Critical editions of the Lesser Key of Solomon list him as a former Dominion. Weyer notes a confusion over whether he was a former Dominion or Cherub. According to Thomas Rudd, King Paimon is opposed by the Shem HaMephorash angel Haziel.

== Appearance ==
In the Goetia, Weyer, de Plancy, Livre des Esperitz, Liber Officiorum Spirituum, he is described as a man riding a dromedary, preceded by men playing loud music (particularly trumpets), as well as cymbals. Sloane MS 3824 describes the camel as crowned, while the rest describe Paimon himself as crowned. The Goetia itself makes no mention of Paimon's face, while the rest describe him as having a beautiful face but still refer to him as male.

== Etymology ==
The Etymology of his name as found in the etymology notes section of the Book of the Sacred Magic of Abramelin the Mage by Samuel Liddell MacGregor Mathers suggests that it might come from the Hebrew word Paamon or “POMN” (פַּעֲמֹן), meaning a “tinkling sound or small bell.”
 MacGregor Mathers also explains that the word “Paamon” is employed in certain biblical passages, particularly Exodus 28:33, 28:34, and 39:25 - These Exodus verses describe the creation of the High Priest’s garments, specifically the robe, and the purpose of bells and pomegranates attached to it.
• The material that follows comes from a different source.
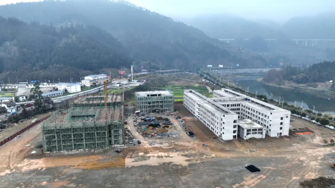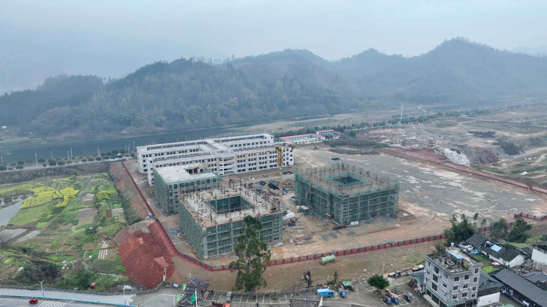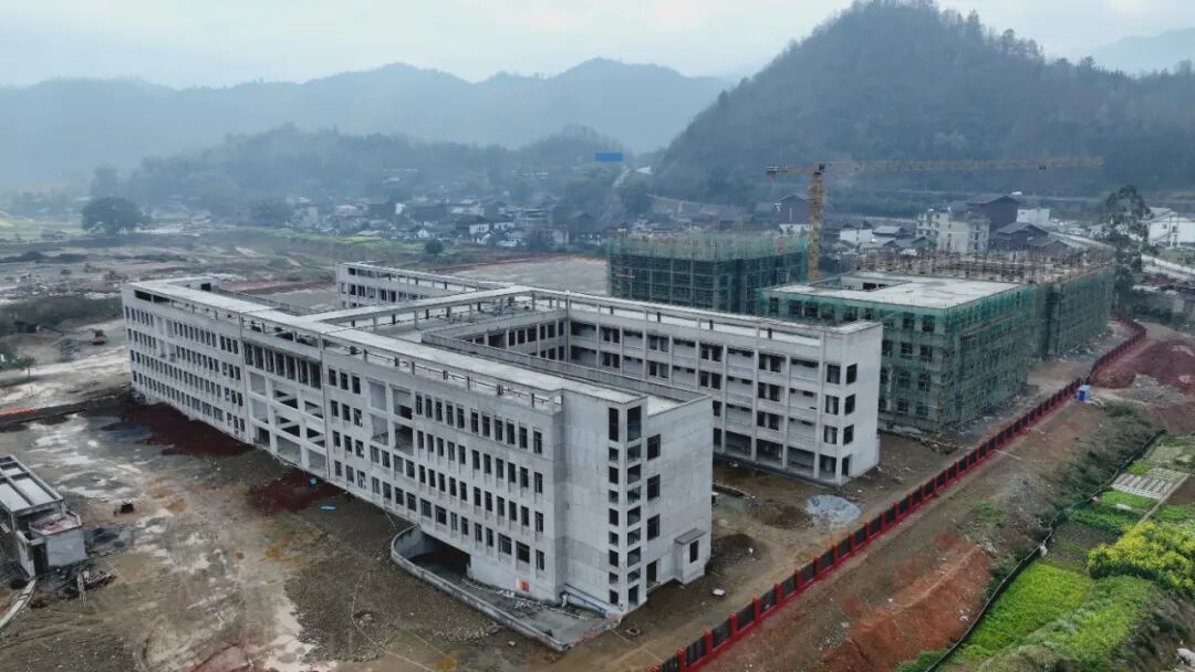 “预计到3月底,所有建筑将全面封顶。目前,1楼、2楼和3楼已开始进行内墙砌砖及二次结构施工。整个项目占地面积约44,000平方米,其中综合楼已进入内部装修阶段,预计7月可交付给甲方,用于教学准备工作,确保9月顺利开学。”榕江六中工地项目负责人薛文平介绍道。

Other Spellings of his name include Paymonia, Paimonia, Païmon, Bayemont, and Baymon.

== Possession ==
Sloane MS 3824 and the Liber Officiorum Spirituum describe him as having a "Hoarse Voice", and those works, Weyer, and the Goetia note that he must be commanded to speak, with the Liber Officiorum Spirituum specifying that King Paimon will speak in his native language until commanded to converse in the summoner's own language.

== Powers ==
The Goetia, Weyer, Livre des Esperitz, and the Liber Officiorum Spirituum all describe him as teaching science and answering other questions. The Goetia and Weyer specify that his knowledge includes all arts and "secret things"[sic], such as knowledge regarding the Earth, its waters, and the winds. The Livre des Esperitz and the Liber Officiorum Spirituum broaden this to truthfully answering all questions asked of him, with the former source also claiming that he can reveal hidden treasures and the latter highlighting that he knows all the affairs of the world. The Goetia, Weyer, and the Livre des Esperitz also claim he has the ability to bestow dignities and lordships. The Goetia and Weyer credited him with granting familiars (who are likewise good at teaching). The Liber Officiorum Spirituum uniquely gives him command over fish. Sloane MS 3824 mentions Paimon in "An Experiment to Cause a Thief to Return".

In Abramelin, King Paimo(n)'s powers include knowledge of past and future events, clearing up doubts, making spirits appear, creating visions, acquiring and dismissing servant spirits, reanimating the dead for several years, flight, remaining underwater indefinitely, and general abilities to "make all kinds of things" (and) "all sorts of people and armor appear" at the behest of the magician.

==Legacy==
King Paimon is the primary antagonist in Ari Aster's 2018 film, Hereditary. A version of the Sigil of Paimon can be seen multiple times within the film, along with many other signs indicating his presence.